Does the description disclose side effects, auth requirements, rate limits, or destructive behavior?

With no annotations provided, the description carries the full burden of behavioral disclosure. It effectively describes the tool's behavior: it's a read-only operation (implied by 'List'), returns specific non-sensitive data, and explicitly states what is never returned (secrets). It could improve by mentioning potential limitations like rate limits or authentication requirements.

Agents need to know what a tool does to the world before calling it. Descriptions should go beyond structured annotations to explain consequences.

Conciseness5/5

Is the description appropriately sized, front-loaded, and free of redundancy?

The description is perfectly concise with two clear sentences: one stating the action and resource, another detailing the return values and important exclusion. Every word earns its place with zero wasted text.

Shorter descriptions cost fewer tokens and are easier for agents to parse.

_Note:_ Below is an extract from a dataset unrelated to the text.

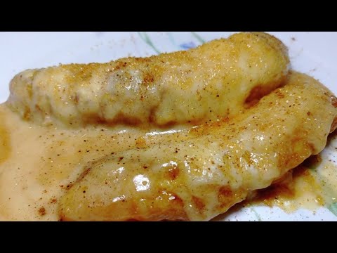 En una sartén ponemos aceite, 3 cucharadas de mantequilla y azúcar también 3 cucharadas. Dejamos a fuego alta hasta que se derrita. Luego añadimos los bananos. Rociamos azúcar a los bananos y dejamos freír 3 minutos, se voltean y se añade azúcar por el otro lado. Cuando cambie de color los espolvoreamos con canela.

Every sentence should earn its place.

Completeness4/5

Given the tool's complexity, does the description cover enough for an agent to succeed on first attempt?

For a zero-parameter read tool with no output schema, the description provides good context about what data is returned and what isn't. It could be more complete by describing the return format (e.g., list structure) or any behavioral constraints, but it adequately covers the essential information given the tool's simplicity.

Complex tools with many parameters or behaviors need more documentation. Simple tools need less. This dimension scales expectations accordingly.

Parameters4/5

Does the description clarify parameter syntax, constraints, interactions, or defaults beyond what the schema provides?

The tool has 0 parameters with 100% schema description coverage, so the schema already fully documents the lack of inputs. The description appropriately doesn't add parameter information, maintaining focus on the tool's purpose and output behavior.

Input schemas describe structure but not intent. Descriptions should explain non-obvious parameter relationships and valid value ranges.

Purpose5/5

Does the description clearly state what the tool does and how it differs from similar tools?

The description clearly states the specific action ('List all available services') and resource ('services registered in Aegis'), distinguishing it from siblings like health checks or proxy requests. It specifies what information is returned (service names, auth types, allowed domains) and explicitly excludes secrets.

Agents choose between tools based on descriptions. A clear purpose with a specific verb and resource helps agents select the right tool.

Usage Guidelines4/5

Does the description explain when to use this tool, when not to, or what alternatives exist?

The description implies usage context by stating it returns service metadata, suggesting it's for discovery or auditing purposes. However, it doesn't explicitly state when to use this tool versus alternatives or provide any exclusion criteria, leaving some guidance gaps.

Agents often have multiple tools that could apply. Explicit usage guidance like "use X instead of Y when Z" prevents misuse.